In Inspired by Nature, life-long sketchbook artist Marjolein Bastin writes that her sketchbooks reflect what fascinates her in nature … butterflies and bumblebees, fluttering and buzzing around chairs in her garden. Petals and songbirds, berries and blossoms.
For fans of autumn, those images are of fallen leaves, reflections and intensely vibrant fall color, warm and embracing, yet wrapped in a brisk blanket.
Photographs of fall color can be breathtaking, but also limiting to what is seen. Sketching, on the other hand, allows the viewer to eliminate distractions and express detail.
Bastin’s handsome book is meant to be carried, tucked into a rucksack with pencils and watercolors, to be used in the field to capture “experiences, observations and nature finds.”
A blue, cotton bookmark, threaded into the binding, returns you to where you last sketched and a handy envelope inside the back cover provides a place to insert “Nature’s Finds and Treasures.”
There’s lots of empty space in the 64-page sketchbook, meant to be drawn upon, splashed with wet color and pen-scribed. And, example after example of Bastin’s sketches and observations guide how to fill a sketchbook.

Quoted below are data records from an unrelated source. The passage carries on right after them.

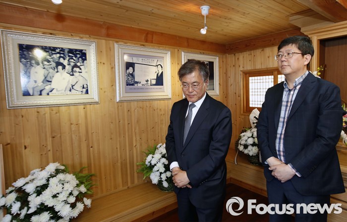 (서울=포커스뉴스) 문재인(왼쪽) 전 더불어민주당대표가 18일 김대중 전 대통령의 3남인 김홍걸 더불어민주당 국민통합위원장과 함께 전남 신안 하의도에 있는 김 전 대통령의 생가를 방문, 기념관에 전시된 사진을 관람하고 있다. <사진제공=문재인의원실>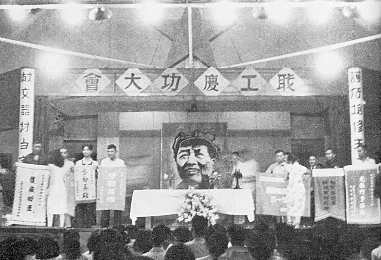 1949年7月上海,1949年7月23日,江南造船所舉行“職工慶功大會(huì)”。上海市市長(zhǎng)兼軍管會(huì)主任陳毅、副市長(zhǎng)曾山、華東海軍司令員張愛(ài)萍、上海市總工會(huì)主席劉長(zhǎng)勝等出席了大會(huì)。會(huì)上總結(jié)修復(fù)廠房設(shè)備的經(jīng)驗(yàn),宣布恢復(fù)生產(chǎn)表彰有功人員。全所有 134人被評(píng)為一、二、三等功臣受到表彰。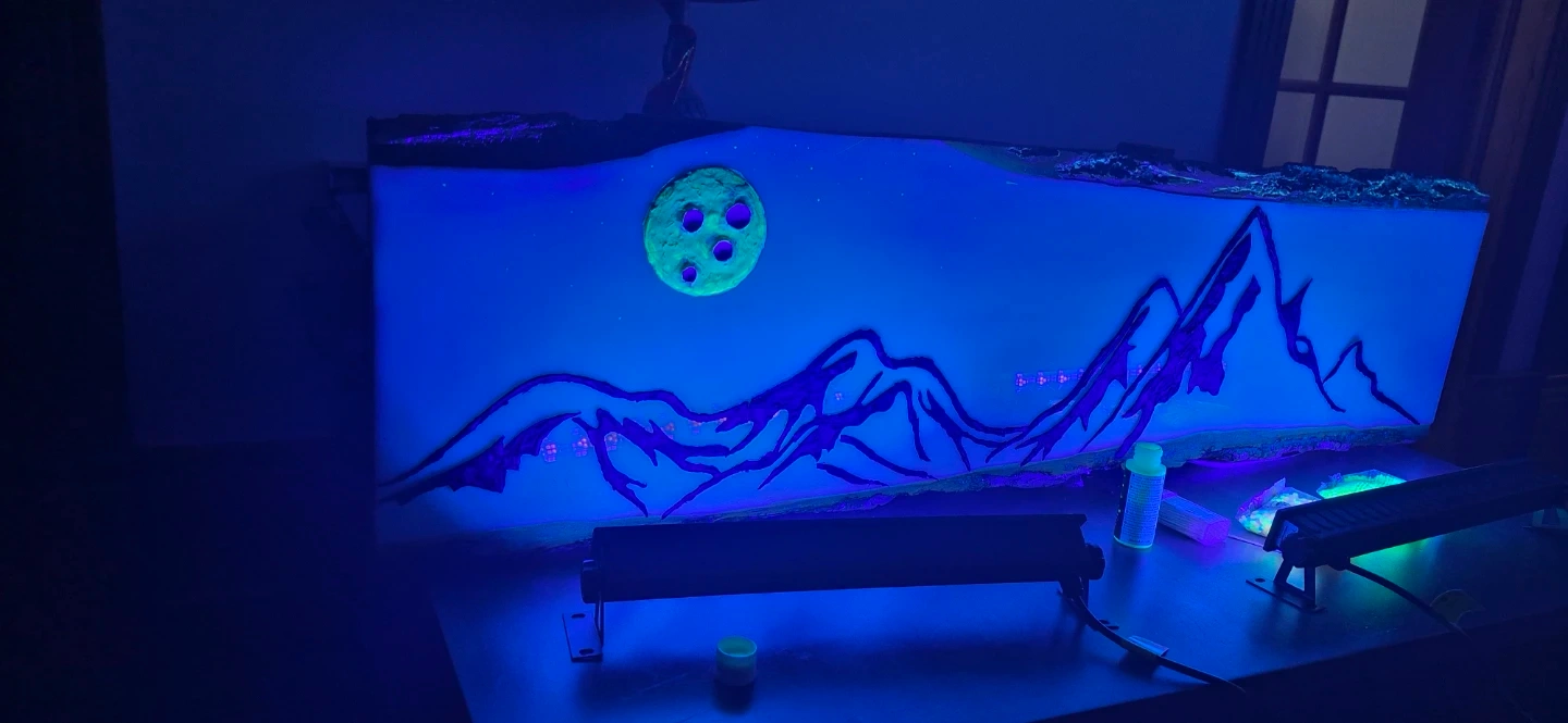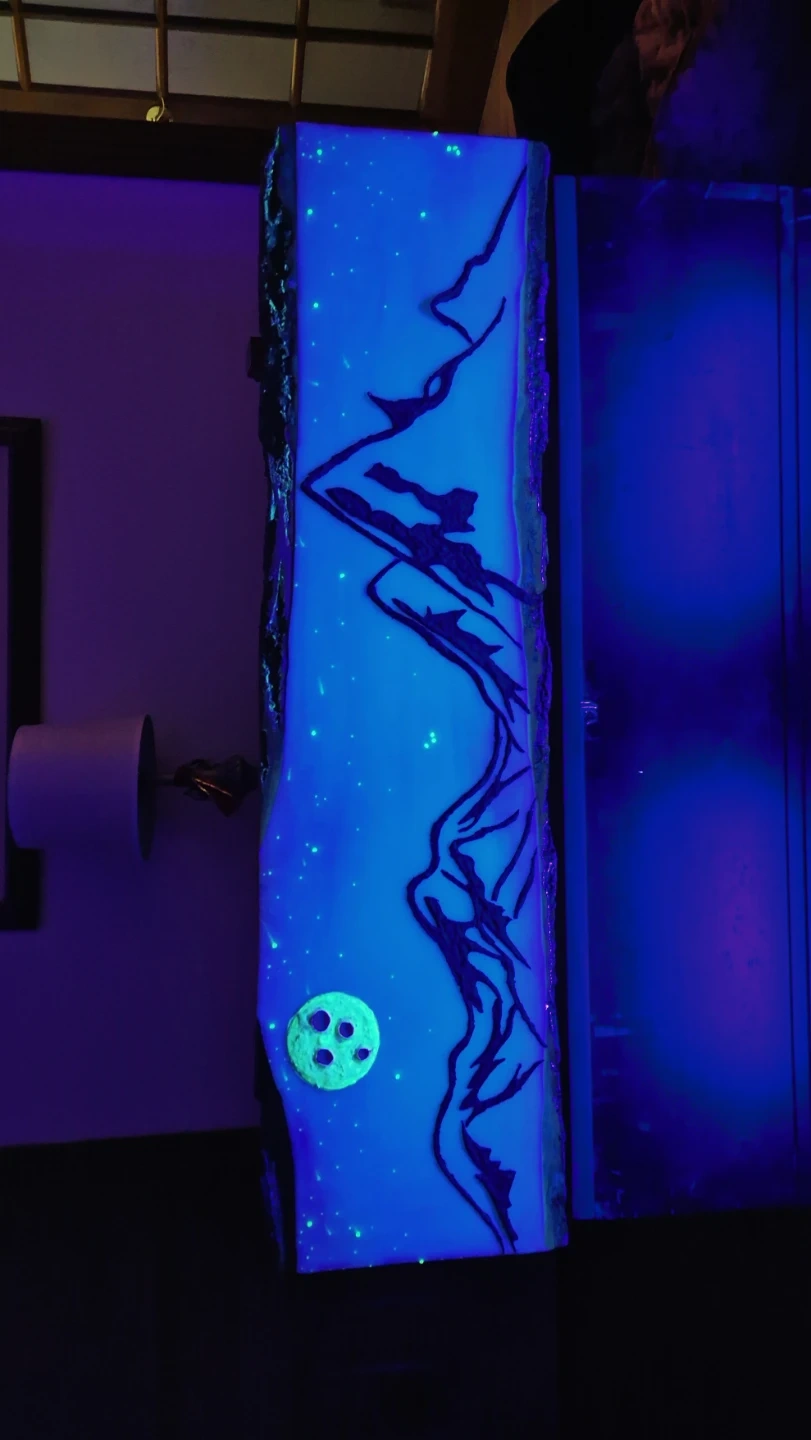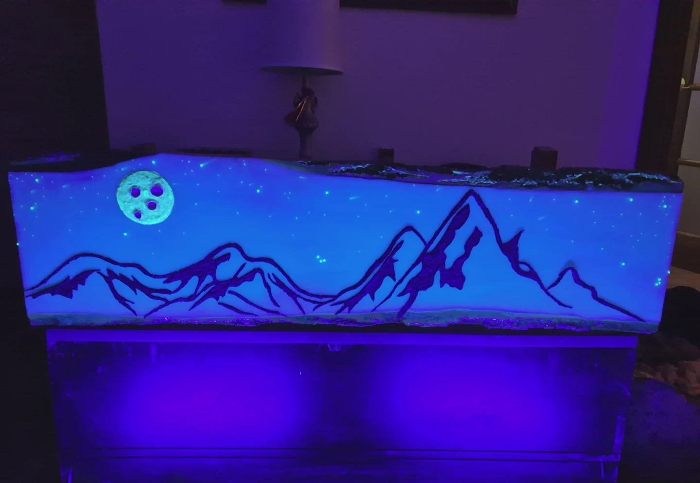This handmade resin desk lamp features a stunning mountain range under a starry night sky, with a unique moon detail. It's illuminated by a bright blue light, creating a captivating ambiance. It's perfect for adding a touch of art and wonder to any room! ...

Tho, there’s not much detail within Inspired by Nature to explain nature drawing and journaling. For that, get John Muir Laws’ tome, The Laws Guide to Nature Drawing and Journaling. Laws’ book, though comprehensively instructive, is not one you take into the field. Bastin’s is.
When photographing fall color, I often find myself chasing light, then waiting for it to get golden. During that waiting time, sketching is a way to record observations visually that’s not dependent upon the perfect moment. As, with sketching, the point is to interpret perfection through creative expression.
Inspired by Nature Sketchbook (paperback, 6 x 6″) is available from Andrews McMeel Publishing ($16.99) wherever books are sold.